Share your dilemmas and get honest opinions from other Mumsnetters.

SIL knowingly took DD out in her pjs

485 replies

pollydolly09 · 05/03/2023 09:56

DD (2years) normally spends one day of the week with SIL. The night before she had spent at my mums who didn't have any clothes for her to get her dressed in the morning, but knew SIL had some as she checked with her beforehand.

Later in the day, SIL posted a picture of DD in a coffee shop. DD was in her pjs. I asked SIL why she was still in pjs and she said she didn't know she wasn't dressed when she picked her up as she already had her coat on and they went out straight away.

I asked my mum what happened during pick up.
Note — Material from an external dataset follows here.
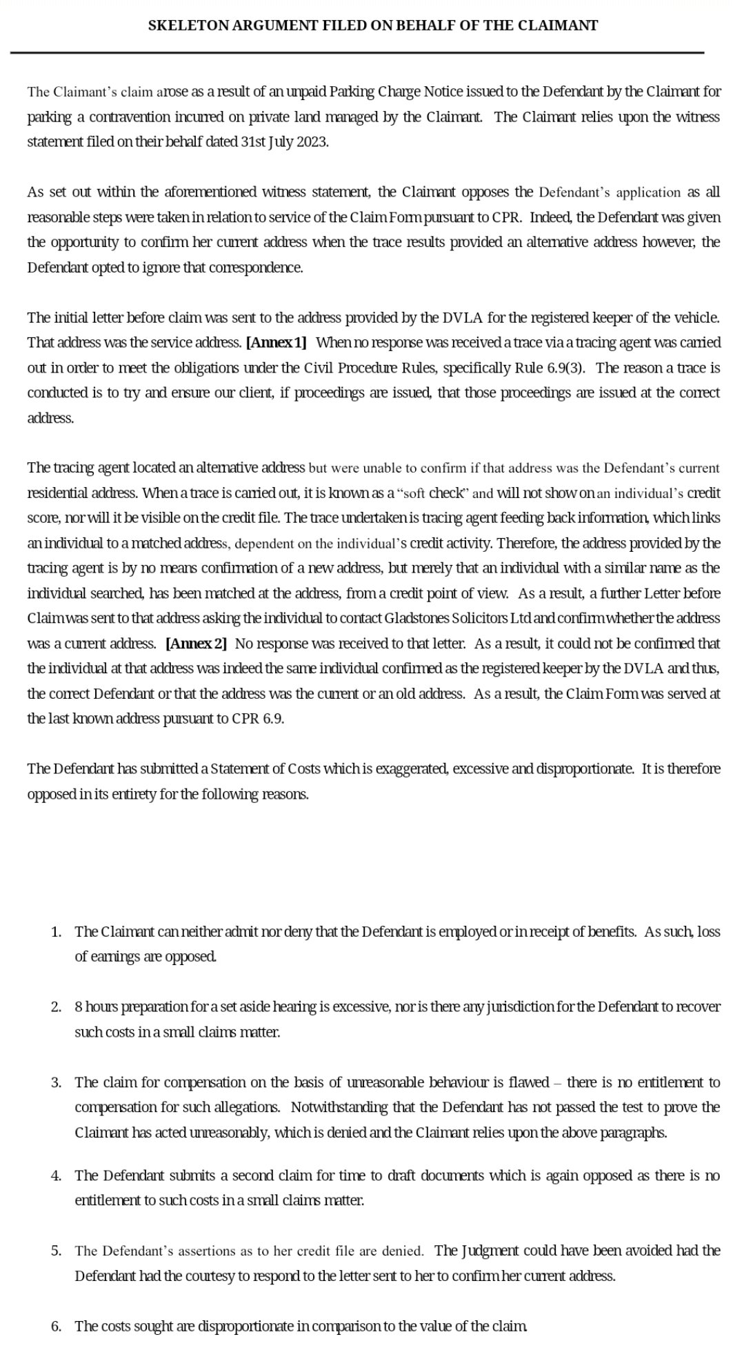 You do not sign a skeleton.The Claimant did not have any response from communications sent to XX but then filed a claim there anyway. In their witness statement, they report that they did not file the claim to the ‘possible alternative address’ as they did not receive a response, thus “that address could not be confirmed for GDPR purposes”. There is no rationale for why a non-response at XX did not meet those same criteria. Had the claimant completed the Experian search as claimed and found an alternative address, this would be the usual or last known residence of the Defendant for the purposes of CPR 6.9, as this search would have been completed after the DVLA request.

She said she apologised for not getting DD dressed in the morning, she didn't have any spare clothes but knew SIL did so thought she would get DD ready before taking her out.

So either my mum is lying or SIL is.

Besides the point, you can tell what a child is wearing underneath their coat. DD's coat goes to just above her thighs. SIL would have been able to see her pj bottoms.

Mentioned this to DH who said he'd speak to SIL, but I don't think he has yet otherwise he would have informed me of the outcome of her conversation.

I've also now made a point of getting DD fully dressed before she goes to SIL. DH normally drops her off first thing, before she's even had breakfast, so she isn't dressed as SIL will dress her before going out (well I thought so anyway).

So AIBU to think that SIL knew DD was in her pjs and took her out anyway?

This happened a week ago, but I can't get it off my mind. I don't know if I should just let it go, but it just makes me so angry that my poor baby was taken out looking unkempt.

OP posts:
SeasonFinale · 05/03/2023 16:56

She is 2. So what.

bussteward · 05/03/2023 17:04

SeasonFinale · 05/03/2023 16:56

She is 2. So what.

Well, it’s a gateway drug, isn’t it. First it’s pyjamas in a cafe. Then it’s having fun in the park. Next it’s kicking off her shoes to climb a tree. She’ll end up in the school playground, playing hopscotch with her tie askew, leading a game of jump rope with her shirt untucked. Having – whisper it – fun.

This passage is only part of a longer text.